Next, you make a slight change to the Cloud Dataflow pipeline so that you can load lookup tables and process them as side inputs, as shown in the following diagram.

Cloud Dataflow pipeline updated for side inputs.

When you query the resulting BigQuery table, it's difficult to surmise from where the artist originates without manually looking up the area numeric ID from the area table in the MusicBrainz database. This makes analyzing query results less straightforward than it could be.

Similarly, artist genders are shown as IDs, but the entire MusicBrainz gender table consists of only three rows. To fix this, you can add a step in the Cloud Dataflow pipeline to use the MusicBrainz area and gender tables to map the IDs to their proper labels.

Both artist_area and artist_gender tables contain a significantly smaller number of rows than artists or recording data table. The number of elements in the later tables are constrained by the number of geographic areas or genders respectively.

As a result, the lookup step uses the Cloud Dataflow feature called side input.

Side inputs are loaded as table exports of line-delimited JSON, and are used to denormalize the table data in a single step.

Review the code that adds side inputs to the pipeline

Before running the pipeline, review the code to get a better understanding of the new steps.

In the BQETLSimple.java file, review the commented out lines. These are uncommented in a following step.

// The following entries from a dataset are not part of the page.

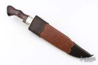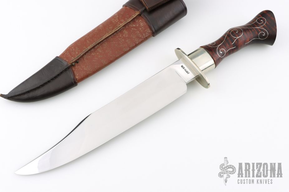 This Southwestern Combat Bowie by Journeyman Smith WR Hurt features a mirror polished clip point blade with false top edge, .252" blade stock and 1.822" blade depth, hidden tang construction. The handle has a nickel silver guard with a curly maple grip that has silver wire inlays, very comfortable in the hand. Comes with a leather covered wooden scabbard with belt loop. Comes with nylon zippered case. Has a few light scratches, otherwise excellent condition. Has JS stamp (Journeyman Smith) Comes with some letters from the maker as well.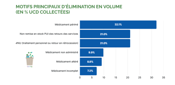 Les médicaments périmés représentent plus d'un tiers des médicaments éliminés. Environ 20% des médicaments éliminés sont consommables, mais ne sont pas utilisés par les services de soins car ils n'ont pas été remis dans le stock de la pharmacie de l'établissement.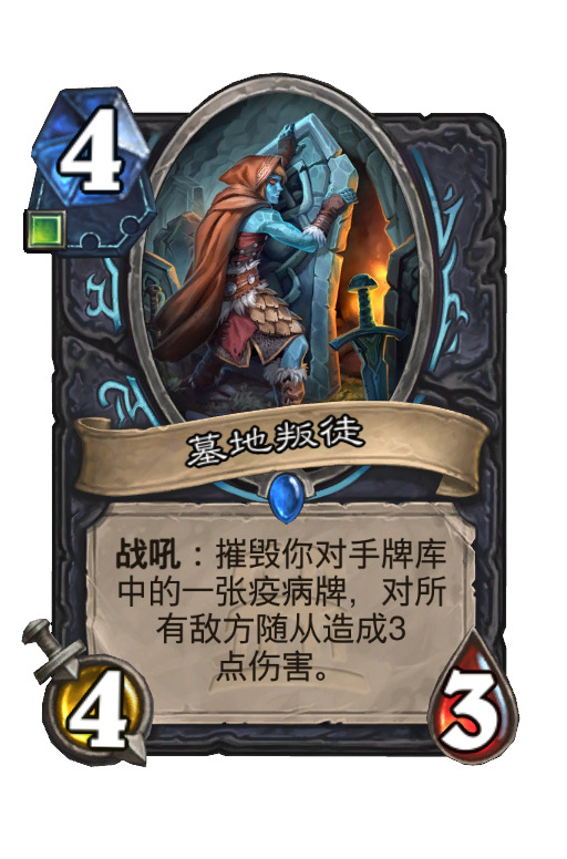 - 先讲病DK的对局思路,笔者的理解是直接舍弃低费曲线全力找3费地标,次要找4费大哥(毕竟大概率有4张)。病DK常见构筑基本都有2自埋自收,2殉船,2墓地叛徒,有故事的病DK还会带上硬核信徒,所以低费节奏其实不是那么好抢。至于牌库中的淤泥桶会很容易被塞病打乱。因此地标大哥连拍会成为我们最重要的制胜点,女王或者雷斯卡这时都难以发挥作用,常见病DK构筑对付地标大哥的手段只有一个:就是塞够病后下链缚守护者。即使是在对面塞了6张病的情况下,这张卡仍然需要5费。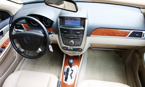 新凱越的內(nèi)飾仍舊以老版的沉穩(wěn)和典雅為基調(diào),只是仿桃木內(nèi)飾的顏色調(diào)艷了些,真皮的顏色也略有變淺。內(nèi)飾采用了深淺兩種色調(diào),儀表臺(tái)上半部分和轉(zhuǎn)向盤(pán)采用了黑色,這不僅有效地避免了行車(chē)過(guò)程中前擋風(fēng)玻璃反射給駕駛員帶來(lái)的干擾,也顯得非常動(dòng)感;其余部分則采用了非常溫馨的米色,這讓駕駛員和乘客在乘坐過(guò)程中感到非常舒適。坐上新凱越的駕駛座,可以明顯發(fā)現(xiàn)新車(chē)的內(nèi)部設(shè)計(jì)比舊款更為精致。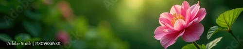 © Jameo, Fototapeta premium Large pink flower in full bloom amidst lush greenery, nature, botanical
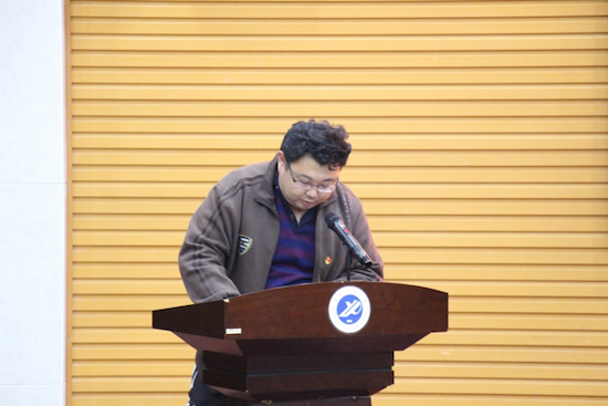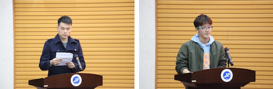 組織員武威老師宣讀了黨課考核標準,并介紹了課程安排。入黨積極分子代表ACA1901涂佳帥同學作了表態發言。

//PCollection<KV<Long,MusicBrainzDataObject>> artists = MusicBrainzTransforms.loadTable(p,"artist","id",
//        MusicBrainzTransforms.lookup("area", "id", "name", "area", "begin_area"),
//        MusicBrainzTransforms.lookup("gender","id","name","gender"));

PCollection<KV<Long, MusicBrainzDataObject>> artists = MusicBrainzTransforms.loadTable(p, "artist", "id");

This code demonstrates data cleansing with side inputs. The MusicBrainzTransforms class provides some added convenience for using side inputs to map foreign key values to labels. The MusicBrainzTransforms library provides a method that creates an internal lookup class. The lookup class describes each lookup table and the fields that are replaced with labels and variable length arguments. keyKey is the name of the column that contains the key for the lookup and valueKey is the name of the column that contains the corresponding label.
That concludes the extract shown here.